A Gestalt therapist may bring their own experience of anxiety or depression into the conversation, deshaming the client’s issues. Anxiety is understood as the interruption of the excitement of growth.
Gestalt Therapy focuses on the whole field of experience of an individual, and their collective backdrop. It deals with experiences that are in awareness, and others that are disembodied but still held in their body as tension.
Attention is given to understanding the anxiety, how it arrived, what was the adjustment made in the person’s life to cause this adaptation, what has been taken away or given, and how it is felt in the body.
Some clients are lost in their narrative, so anxiety is processed by being in the Here and Now - walking back from being stuck in past experiences, and tuning into how we feel in the present moment.
The breath is employed to help regulate overwhelming feelings, and increase calm.
Clients autonomy is enlicited to break free from the circuit of patterns. This involves identifying patterns, observing how one becomes enmeshed, and then helping clients slowly own the part they play in continuing the circuit, finding a safe space for to ‘exit’.
The aware mind is awake, no longer asleep, and ready for action; or rather, compelled to act for its own benefit. The awareness of our issues, real limitations, life circumstances, and all the fixed unchangeable entities helps us to move from immobility towards activity. The driving force for this activity is a sense of agency that is created by feeling emboldened by one’s own choices, and thu experiencing autonomy.

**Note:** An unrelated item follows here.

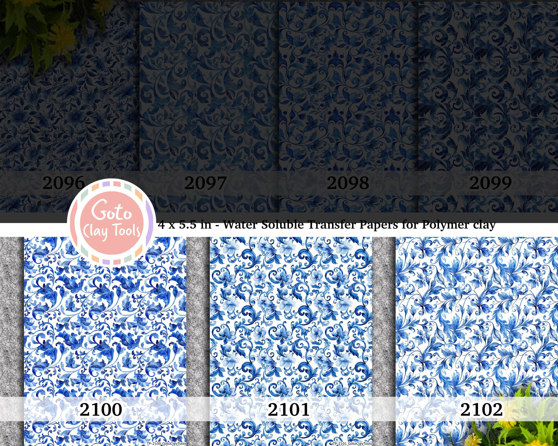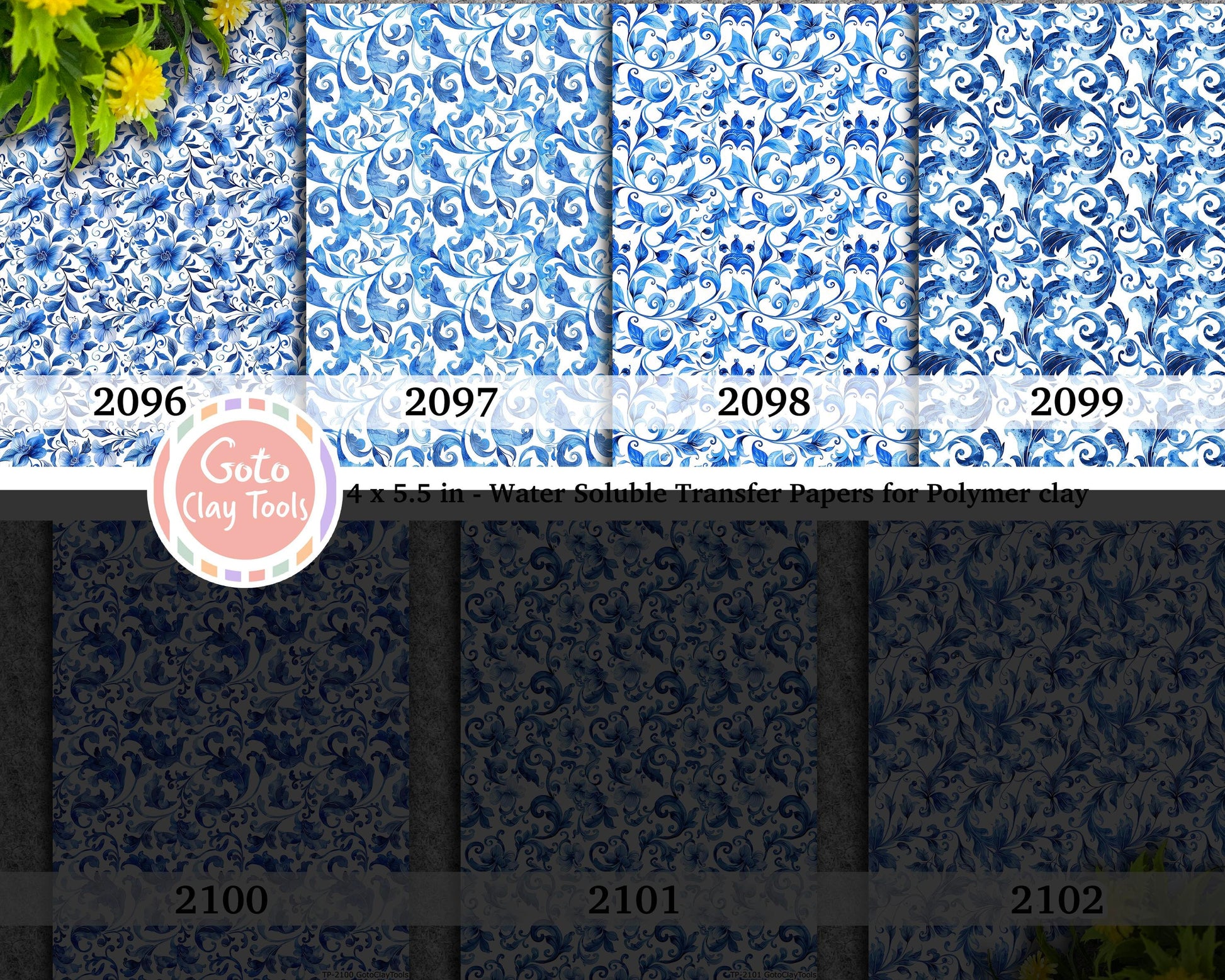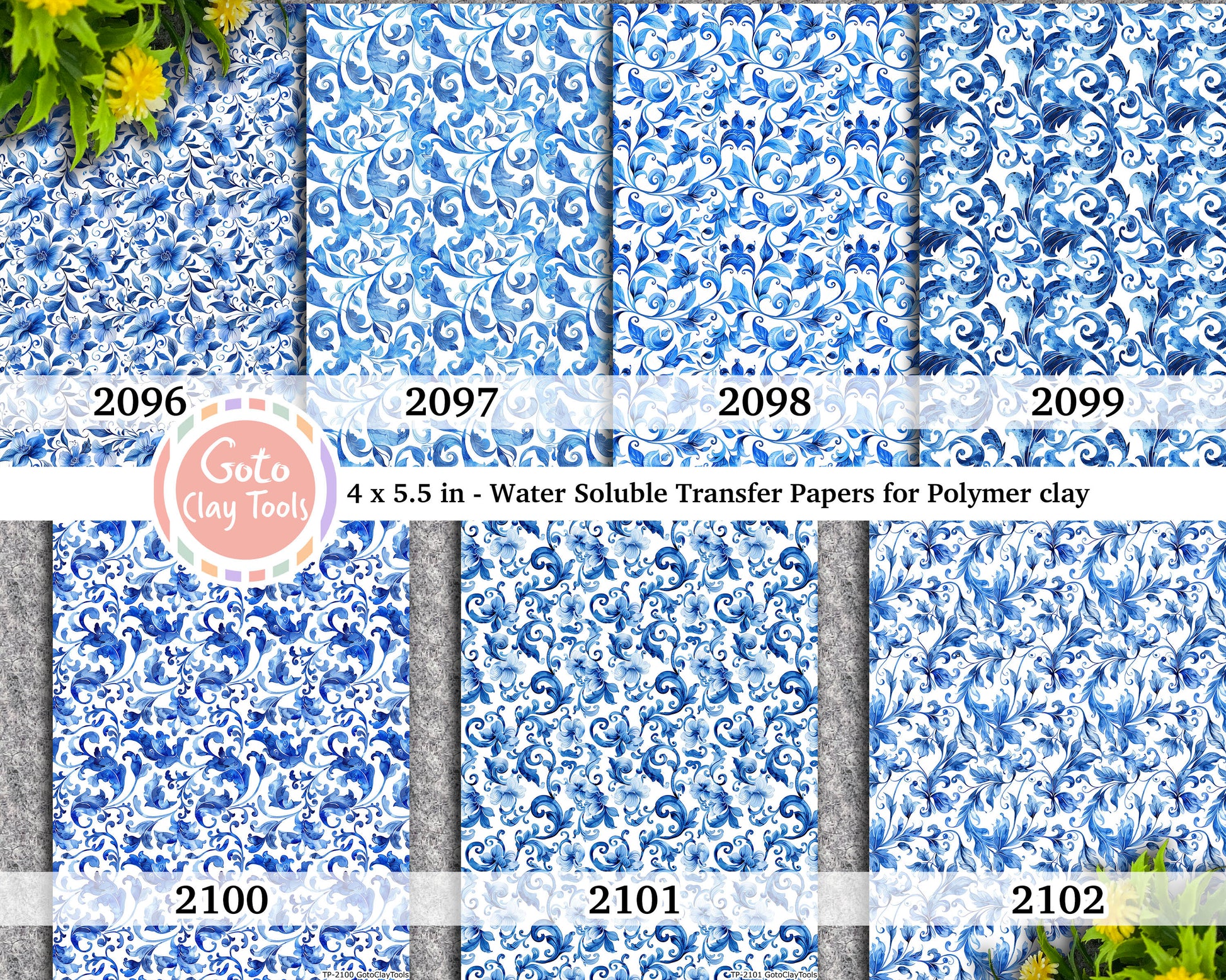 Blue floral pattern Transfer paper for polymer clay, water soluble transfer paper, polymer clay image transfers, magic transfer paper

Gestalt helps clients recognise what can and cannot be changed, with space for acceptance, and scope for foraging ahead to make new choices; the relationship with the environment moves from social support to self support.
Clients are helped to build their own toolbox of coping responses. With this repertoire, they can exercise a range of psychological techniques including caution, restraint and abundance, as needed; this is the the process of learning to work with ‘what is’.